Be aware that children as well as adults remember almost 100% of the negative experiences but only about 20% of the positive experiences. That is so we can learn to protect ourselves from things that hurt us. As a result, we have to overcompensate with children — for every episode of negative feedback you give a child, you have to balance that with about five episodes of positive feedback to maintain a child's confidence and desire to cooperate.

  • Prove it to yourself - name five good and five bad experiences from your childhood.
  • Do this experiment at home: Count how many times you say "no" or "stop" to your child or frown at your child during a day.
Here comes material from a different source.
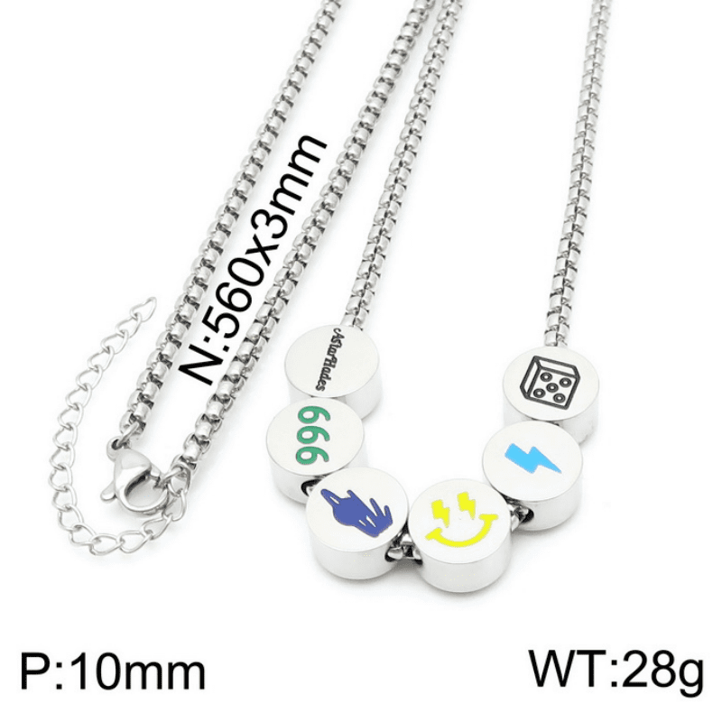 The pendant part of the necklace adopts a circular design, symbolizing completeness and harmony. The surface of the pendant is meticulously carved with various patterns, which are inspired by cultures and traditions from around the world and outline a unique beauty through simple and creative lines. Each pattern is full of storytelling, as if telling different histories and cultures. The necklace is made of high-quality stainless steel material, which has extremely high corrosion resistance and wear resistance, and can maintain long-lasting luster and texture in various environments. At the same time, stainless steel material also has certain anti allergic properties, suitable for people of various skin types to wear.
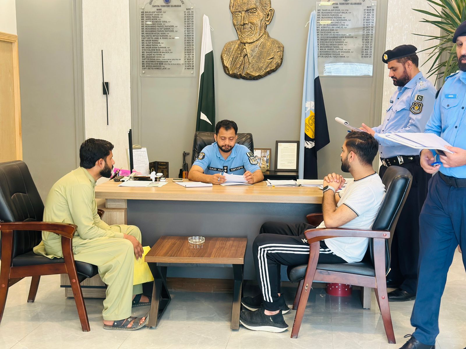 اسلام آ باد (ڈیجیٹل پوسٹ) اسلام آ باد پولیس عوام کی خدمت کے مشن پر گا مزن۔ایس ایس پی آپریشنز اسلام آ باد قاضی علی رضا کا اوپن ڈور پالیسی کے تحت شہر یو ں کے مسائل کے فوری حل کے لئے کھلی کچری کاانعقاد۔شہر یو ں کی شکا یا ت سن کر متعلقہ افسران کو فوری حل کے احکا ما ت جا ری کئے۔ تفصیلات کے مطابق انسپکٹر جنرل آف پولیس اسلام آباد سید علی ناصر رضوی کے خصوصی احکامات کی روشنی میں ایس ایس پی آپریشنز اسلام آباد قاضی علی رضا نے اوپن ڈور پا لیسی کے تحت شہریوں کے مسائل کی فوری دادرسی کو یقینی بنانے کیلئے اپنے دفتر میں کھلی کچہری کا انعقاد کیا۔کھلی کچہریوں میں شہر یو ں نے اپنے مسائل کے حل کے لئے اپنی شکا یا ت پیش کیں۔ ایس ایس پی آپریشنز اسلام آباد نے شہریوں کے مسائل سنے اور ان کے فوری حل کے لئے متعلقہ افسران کو مارک شدہ درخواستوں پر دیئے گئے وقت میں قانونی کارروائی کرکے رپورٹ پیش کرنے کے احکامات جاری کئے۔انہوں نے کہا کہ اسلام آ باد پولیس خو اتین اور بچوں پر تشدد کے حوالے سے زیرو ٹا ولرنس پالیسی پر عمل پیر ا ہے۔ شہر یو ں کو ہرممکن ریلیف مہیا کر نا اولین تر جیح ہے۔قانو ن کی بالا دستی کو ہر صورت یقینی بنا یا جا ئے گا۔ انہو ں نے مزید کہا کہ ہر شہری کو مساوی حقوق حاصل ہیں۔ تمام درخواستوں پر میرٹ پر فیصلے کئے جائیں گے۔شہریوں کی جان، مال اور عزت نفس کا تحفظ مقدم ہے

Then count how many times you say "thank you" or "well done" or catch them doing something good during the day. How's your ratio?

3. Understanding evolution basics helps put things into perspective

A lot of making sense of ourselves and how we tick is based on stuff mother nature set up for us through millions of years of practice - our evolution.

In our human genetic blueprint is the capacity to learn language (that highly complex skill most of us have to communicate with each other in words, sentences, intonation, writing, etc). But a child that is not exposed to language for the first years of its life will never be able to learn language of any kind. Without the experience of the environment of language during the first three years, the brain will never be able to grow those connections required to communicate through language. There are rare cases where children have been found to have never been exposed to language, for example a girl whose mother locked her in a room for years only giving her food through a slot. She was never able to learn language thereafter.

So what makes us so powerful as humans - the ability to adapt in a permanent physiological way, during that first five year window, specifically to better suit our immediate environment - is also what makes us so vulnerable to our immediate environment, our very important parents/carers.

Because our basic genetic blueprint has not changed, not evolved since the stone age, it follows that everything that we are capable of now is based on what we learn in our own lifetime, and the building blocks for that capacity to learn are set in stone in the first five years.

(Robert Winston's book, "Human Instinct" is a good exploration of our (pre-)historic motivations.)